Feature1:1 Chat (Simple)Group Chat (Complex Beast)
MembershipTwo participants. Static.N participants. Dynamic (joins, leaves, kicks). Requires a robust permissions system.
Read StatusA single boolean: is_read. Easy.A nightmare. Each of N members has their own last_read_message_id. You are now tracking N read horizons per conversation.
MentionsNot applicable.Requires parsing message content and generating notifications for specific users. A whole new query path.
PermissionsNot applicable.Who can change the group name? Who can invite new members? Who can mute others? This is a complex ACL system in itself.

A 1:1 chat is a two-party agreement. A group chat is a chaotic, multi-party negotiation where state is always in flux.

The Tyranny of the Fan-Out

Delivering a message also transforms completely. In a 1:1 chat, it's one write, one push. In a group with 10,000 members, a single message triggers a massive fan-out. That innocent-looking "is typing..." indicator? In a large group, it can trigger an event storm that melts your servers.

Anatomy of a Production-Ready Solution

To solve these problems, a monolith won't cut it. You need a decoupled crew of specialists. Let's design for a target of 1 million concurrent users, a peak of 100,000 messages/sec, and a sub-100ms p99 delivery latency

                                  +-------------------+
                                  |   [ API Gateway ] |
                                  +---------+---------+
                                            | (Session Auth)
                                            |
+-------------------------------------------+----------------------------------------------+
| (Real-time / Fast Path)                   |                               (Durable / Safe Path) |
|                                           |                                              |
v                                           v                                              v
+----------------+                      +---------+                                +-------------------+
| [ NATS Bus ]   |                      | [Redis] |                                |  [ Kafka Log ]    |
+-------+--------+                      +---------+                                +---------+---------+
        | (Live Messages, Fan-out)            ^ (Read State, Typing...)                    | (Message Archive)
        |                                     |                                            |
        v                                     |                                            v
+--------------------+                        |                                +--------------------------+
|  [ Online Users ]  |------------------------+                                | [Message Persister Svc]  |
+--------------------+                                                         +-----------+--------------+
                                                                                            | (Batch ingest)
                                                                                            v
                                                                                    +------------------+
                                                                                    | [ScyllaDB/CASS]  |
                                                                                    +------------------+

1. The Hybrid Message Bus (NATS + Kafka)

Separate real-time delivery from durable, offline delivery.

  • For Online Users (Fast Path): Use a lightweight pub/sub system like NATS. When a user sends a message, it's published to a NATS topic.
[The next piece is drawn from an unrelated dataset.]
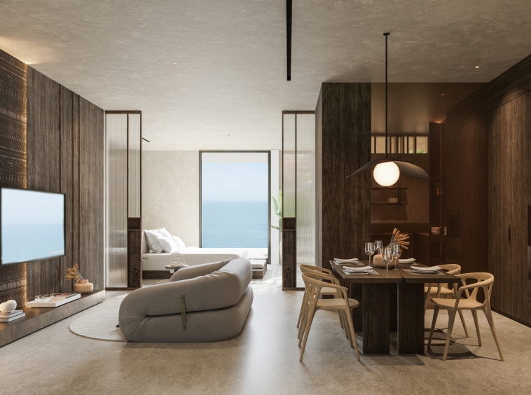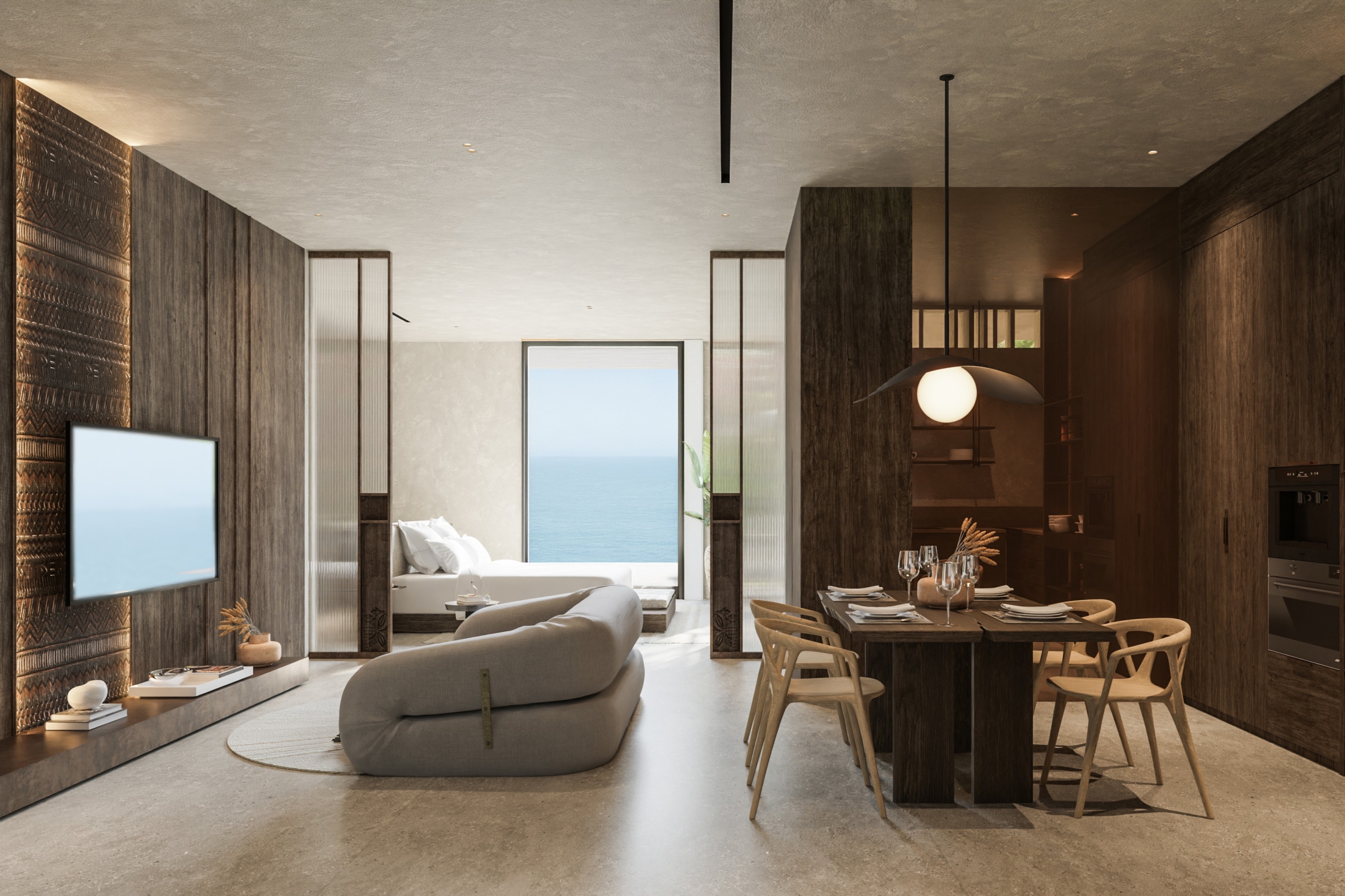 Its contemporary, elegant interiors feature one bedroom, a full bathroom, a functional kitchen, a cozy living area, and a private terrace overlooking the garden, swimming pool, or the ocean. Shared facilities include a rooftop section with an infinity pool, a bar & restaurant, a sauna & cold plunge, a lounge area, a spacious lobby, a Japanese tea garden, and an underground ample parking to accommodate all vehicles.

All connected clients get it instantly. This is fire-and-forget; its only job is speed.
  • For Offline Users (Safe Path): In parallel, the same message is published to a durable log like Apache Kafka, often with a 7-day log retention policy. This is the system of record. For more advanced use cases, check out tools like NATS JetStream .

Trade-off: Why NATS over Redis Streams? NATS is a specialist scalpel—purpose-built for high-performance, at-most-once messaging. It's simpler and faster for this specific "fire-and-forget" job, leaving Redis free to handle its core responsibility: state.

2. The Wide-Column Message Store (ScyllaDB)

Storing billions of messages in a relational database is a recipe for operational pain. A wide-column store like ScyllaDB or Apache Cassandra is the right tool.

-- A simplified Cassandra/ScyllaDB table schema
CREATE TABLE messages (
    channel_id uuid,
    message_id timeuuid,
    author_id uuid,
    content text,
    PRIMARY KEY ((channel_id), message_id)
) WITH CLUSTERING ORDER BY (message_id DESC);

Trade-off: Why ScyllaDB over DynamoDB? While DynamoDB is a fantastic managed service, self-hosting ScyllaDB gives you extreme performance, no vendor lock-in, and can be significantly more cost-effective at massive scale. For those migrating, ScyllaDB also offers a DynamoDB-compatible API called Alternator to ease the transition.

3. The Decoupled State Tracker (Redis)

High-volume, low-value state changes will hammer your main database into submission. Offload them to an in-memory store like Redis.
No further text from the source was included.